Edge of Seventeen definitely ~ that's probably the closest to being my favorite [song]. It was written about my uncle Jon having cancer and and that was about the time of [the murder of] John Lennon, and it was right before we knew Robin was sick ~ the final 'white winged dove.' When it starts playing my head turns around.
~Stevie Nicks, Arizona Living, September, 1983

Jimmy [Iovine] was absolutely best friends with John Lennon. So when that happened, a hush came over the house that was so overwhelming that there was nothing that I could do to help. There was nothing I could say, there was no way I could comfort him. [Unable to help, Nicks flew home to Phoenix] I went straight over to my uncle's house, and my uncle died that day. He died right there with me holding his hand, just me and my cousin, who's a little younger than me, sitting there on the bed and on the floor next to him.

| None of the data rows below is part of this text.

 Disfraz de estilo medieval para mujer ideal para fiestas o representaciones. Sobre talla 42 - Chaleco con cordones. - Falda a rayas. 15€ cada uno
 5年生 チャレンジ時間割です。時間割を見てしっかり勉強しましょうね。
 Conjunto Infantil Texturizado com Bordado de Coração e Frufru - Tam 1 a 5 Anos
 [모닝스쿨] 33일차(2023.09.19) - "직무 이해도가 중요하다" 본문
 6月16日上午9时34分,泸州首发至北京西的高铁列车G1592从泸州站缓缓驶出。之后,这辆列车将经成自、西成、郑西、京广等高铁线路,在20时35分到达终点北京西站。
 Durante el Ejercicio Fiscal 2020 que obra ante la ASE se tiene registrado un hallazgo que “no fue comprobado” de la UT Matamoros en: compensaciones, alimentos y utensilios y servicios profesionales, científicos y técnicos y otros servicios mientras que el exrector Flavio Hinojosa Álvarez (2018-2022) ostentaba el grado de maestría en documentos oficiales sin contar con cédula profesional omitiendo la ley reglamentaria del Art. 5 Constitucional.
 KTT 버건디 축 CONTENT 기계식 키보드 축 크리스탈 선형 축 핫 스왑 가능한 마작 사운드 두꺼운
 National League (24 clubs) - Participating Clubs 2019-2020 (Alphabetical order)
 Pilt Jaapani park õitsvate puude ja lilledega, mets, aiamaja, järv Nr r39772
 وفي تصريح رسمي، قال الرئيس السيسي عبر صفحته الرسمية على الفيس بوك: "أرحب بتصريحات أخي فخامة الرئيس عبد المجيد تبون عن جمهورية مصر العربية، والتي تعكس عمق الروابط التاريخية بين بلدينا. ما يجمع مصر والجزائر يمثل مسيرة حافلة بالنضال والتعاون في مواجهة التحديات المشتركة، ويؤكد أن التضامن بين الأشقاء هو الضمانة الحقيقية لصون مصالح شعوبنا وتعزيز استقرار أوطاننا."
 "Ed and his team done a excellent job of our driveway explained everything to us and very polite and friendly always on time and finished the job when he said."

Stevie Nicks Wild Heart Tour 1983I have to deal with it every single night when I sing it. That's why I can [sing it]. When that song starts, I go back to that week. And it's not like I try. I don't make a physical effort to do it. In my mind, my little timespace, I'm back in the house at Encino finding out that news, and when I sing it to everybody, I try to make them understand in a way what I was talking about without actually telling them. That's why I can sing Edge of Seventeen just like I wrote it yesterday. Because it will never, ever lose the intensity. I will never forget how I felt when that happened to me. And when people read this, they're going to understand that this hasn't been so glamorous, and each one of these songs was one more chip off an already broken heart.